While you weren't looking, President Obama solidified his, and by extension, the Democratic Party's future.
President Obama is riding a huge surge in popularity in public opinion surveys among Hispanics, who are overwhelmingly excited about his second-term efforts to pass immigration reform.
Obama’s approval rating stands at 73 percent among Hispanics, a 25-point swing from his low of 48 percent in late 2011.
Some argue that immigration reform is a "bipartisan" issue. It's only "bipartisan" in the sense that Republicans have little choice. No one should succumb to the illusion that the lily-white GOP leadership actually cares about the well-being of this country's burgeoning Latino and Hispanic population. As a
"prominent Republican pollster" puts it:
"The politics of anecdote is that illegal immigrants are only taking jobs, selling drugs, and joining gangs. That’s clearly not the case, and we cannot pretend that it is.”
There's so much in that quote. The "politics of anecdote?" Is that really anything less than a euphemism for good old-fashioned racism?
Beaners, Greaseballs and Wetbacks. Slackers. Baby machines. Dope dealers. And as much as the GOP would like to, they just "can't pretend" any more that those stereotypes are accurate? Mr Bolger never stops to consider why his constituents would want to "pretend" otherwise in the first place.
Chris Cillizza gets it right:
The Republican political establishment sees immigration reform as a political necessity. Much of the party’s base sees it as the end of the rule of law.
And therein lies the problem for a party trying to pick itself up off the mat following an across-the-board defeat in 2012.
The "politics of anecdote," indeed. Here's some anecdotal data to chew on:
In a Washington Post-ABC poll conducted earlier this month, in fact, a majority of self-identified Republicans said they opposed a path to citizenship — the key plank of a comprehensive immigration reform measure. That was a marked contrast to the majority support for a path to citizenship among Democrats and independents.
Mississippi governor and GOP paladin Haley Barbour has a nephew named Henry who miraculously inherited his uncle's political genius along with a top position in the RNC. Henry thinks Republicans can solve that problem with Latinos and Hispanics by "talking differently" to them:
that the key to solving the party’s problems with Latinos is less about specific policies than about changing how the GOP talks to the Hispanic community. ”Our issue with Hispanic voters is as much about tone and attitude as it is about immigration reform,” Barbour explains
.
The problem is that the loudest anti-immigrant voices in the GOP are the same folks that vote in Republican primaries. That's who is doing the "talking' for the GOP.

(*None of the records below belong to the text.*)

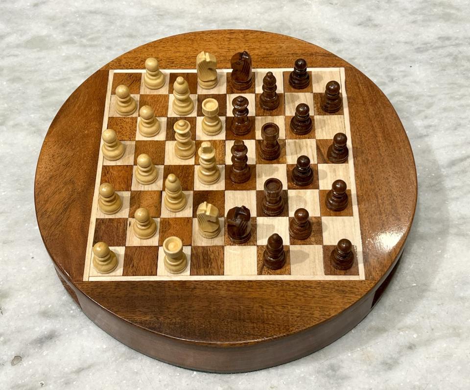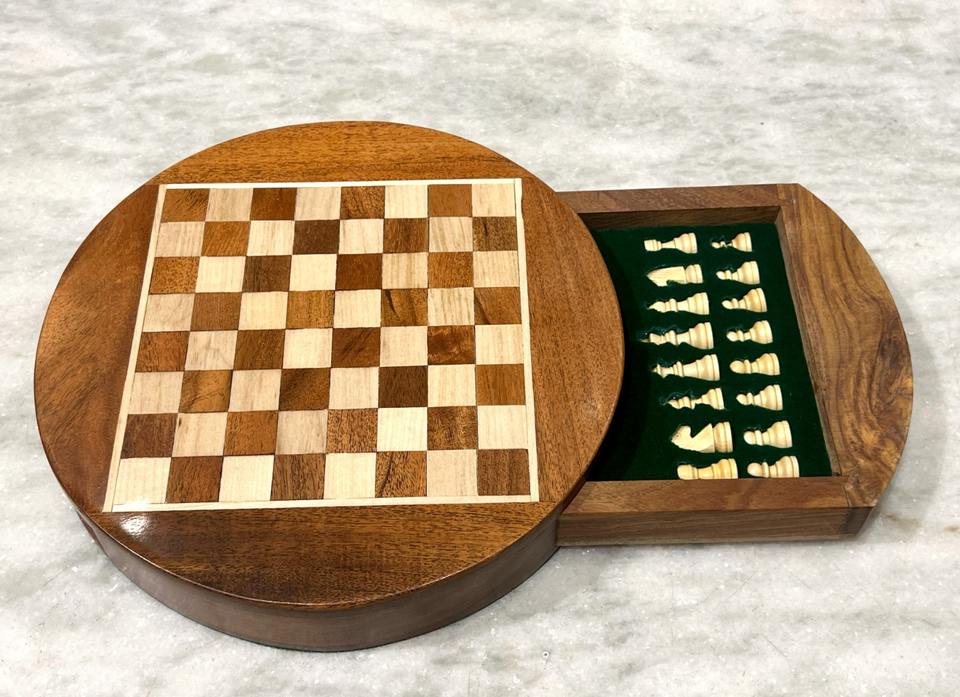 กระดานหมากรุกไม้ขัดเงาทำมือสุดหรู ขนาด 33x33x6 ซม. ชุดหมากรุกแม่เหล็กพร้อมตัวหมากรุกขนาด 5.5 ซม. ลิ้นชักหมุนได้ พร้อมการ์ดเกมปริศนา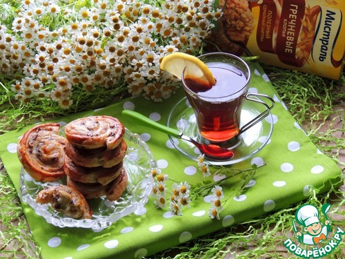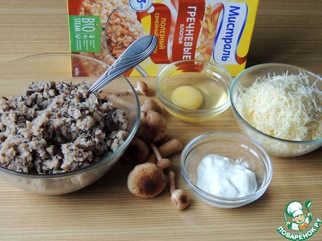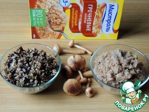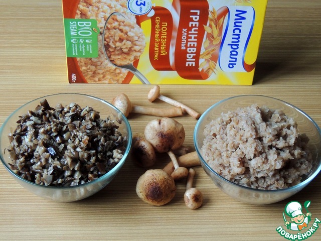 • Для начинки завитушек гречневые хлопья залить стаканом кипятка, оставить на 3 минуты. Грибы обжарить на растительном масле с луком и мелко порубить.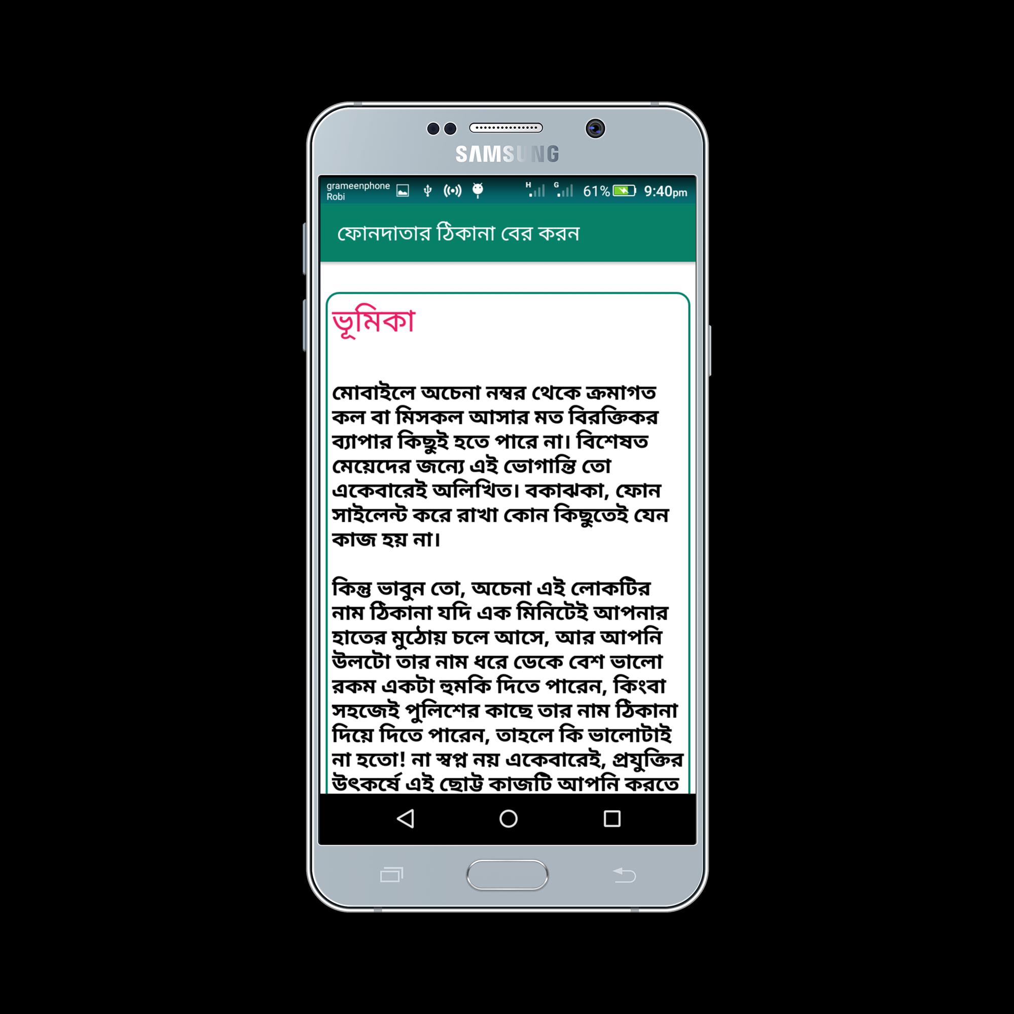 জন্য আমাদের আয়োজন ফোনদাতার ঠিকানা বের করন নামে একটি অ্যাপ । অ্যাপটির মাধ্যমে আপনি ফোনদাতার ঠিকানা বের করা/মোবাইল ফোন থেকে লোকেশন বের করা/ফোন থেকে অবস্থান বের করা/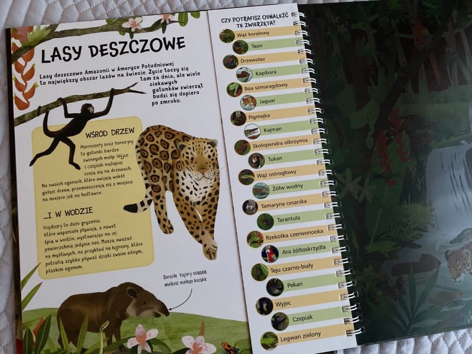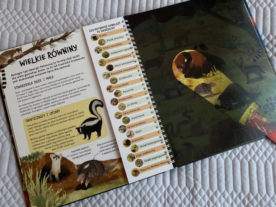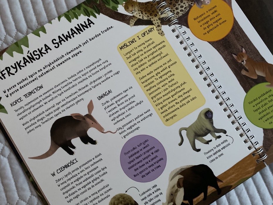 Dzika dżungla, afrykańska sawanna, skute lodem wybrzeże… Każda scena pokazuje inne środowisko. Na stronach znajdziemy krótkie opisy mieszkańców i sporo ciekawostek. Dzieci dowiedzą się o różnych siedliskach i niesamowitych zwierzętach, które mają tam swoje domy.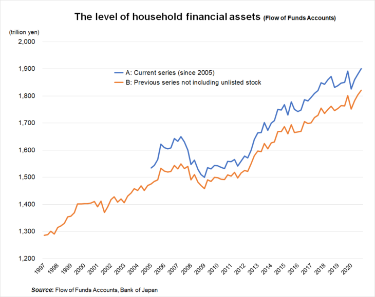 In economics, annual savings is a flow variable, and thus corresponds to the change in households’ holding of financial assets in a given year. Except for the short-term ups and downs due to fluctuating stock prices, household financial assets have continued to increase slowly but steadily during this period. The figure is a flow-of-funds table that presents data on the level of household financial assets. Looking at the growth rate, the average annual rate over the last decade was 2.4% (including stocks, A series in the figure) but in the period 2005–09 (ditto), it was 1.7%, so the increase in asset growth has accelerated in recent years.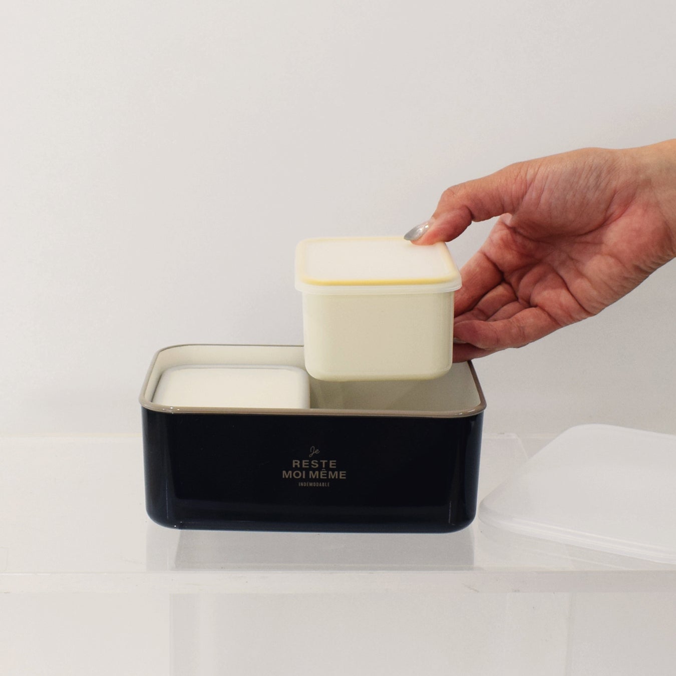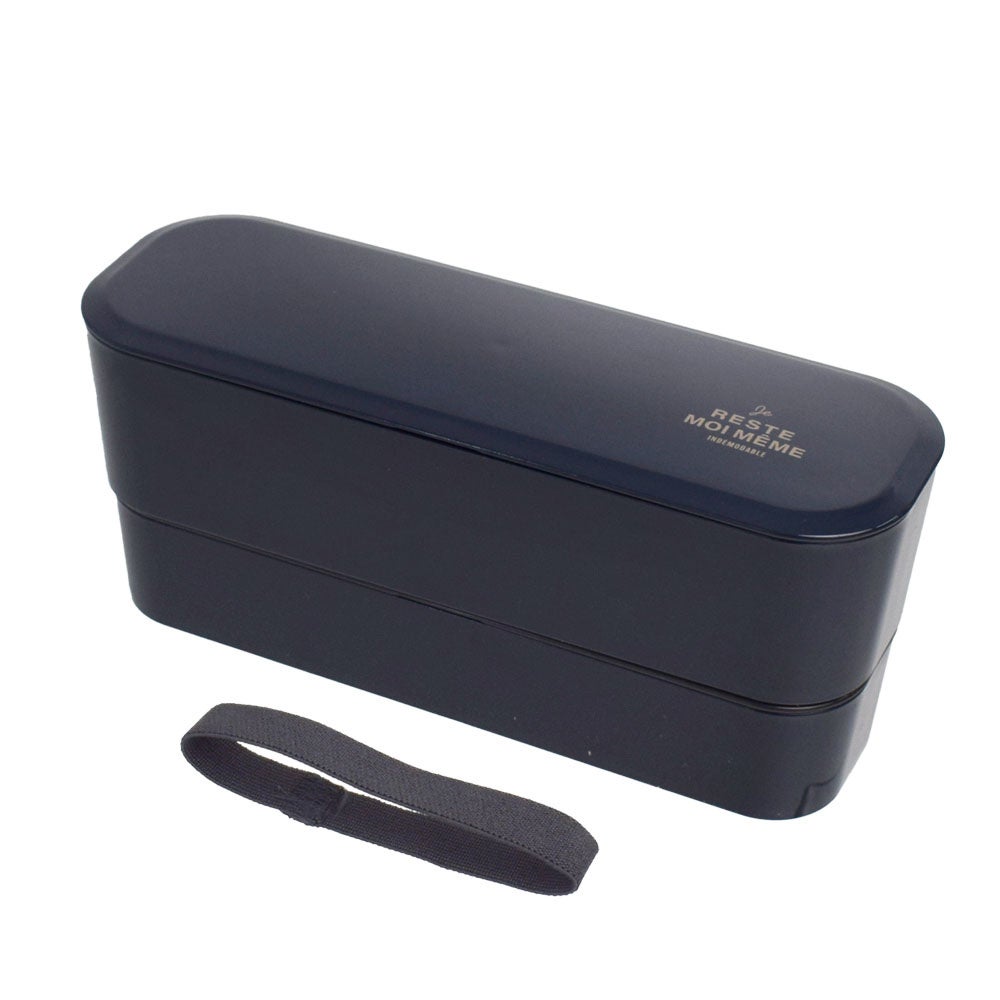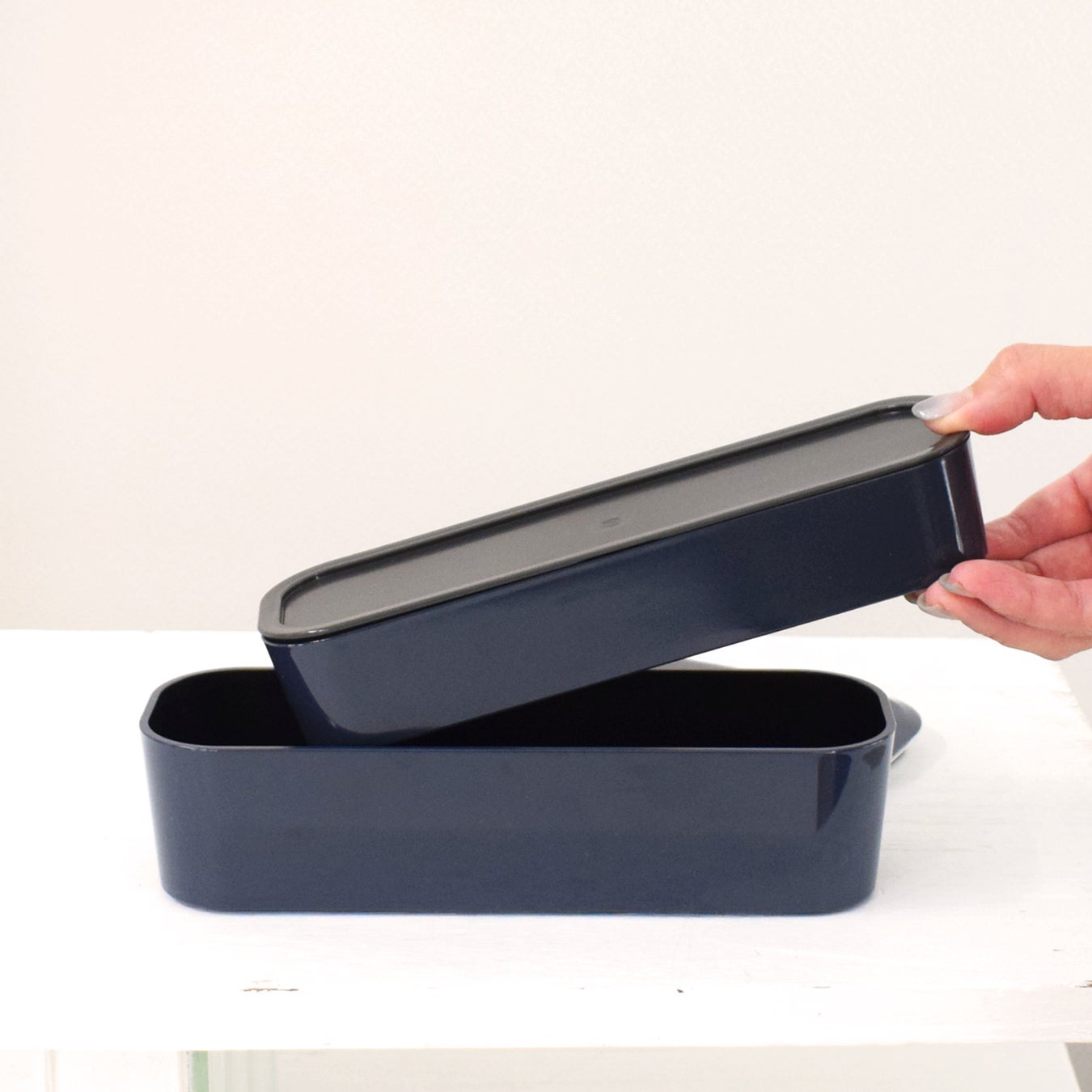 シンプル形状、たっぷり容量の2段ランチボックス。スリムな形状でかばんの中で邪魔になりにくい。食べ終わったあとはコンパクト収納ができてさらにすっきり。内側は黒色の樹脂を使用していて高級感アップ。汚れが気にならないのも嬉しいポイントです。

And that's why the Republicans can't win on immigration. The only question is how badly they choose to lose:
It seems unlikely, then, that a GOP embrace of comprehensive immigration reform will be enough. Given the huge Democratic lean of Latino voters and their general enthusiasm for Obama’s agenda, the most likely political outcome of a comprehensive bill is higher approval for Obama, and a stronger bond between Latinos and the Democratic Party. At most, Republicans might stem the bleeding with Hispanics.
Even the GOP's "Savior" doesn't seem to be making an impact:
Led by senators like John McCain (R-AZ) and Marco Rubio (R-FL), Republicans are now trying to craft a bipartisan immigration deal that they hope will boost their standing with the community. But they’re starting from an exceptionally weak position: Hispanic respondents told Pew they favor Obama’s approach to immigration over the GOP’s by a whopping 73-15 margin.
That's Five to One. One in Five. No one in the GOP gets out alive.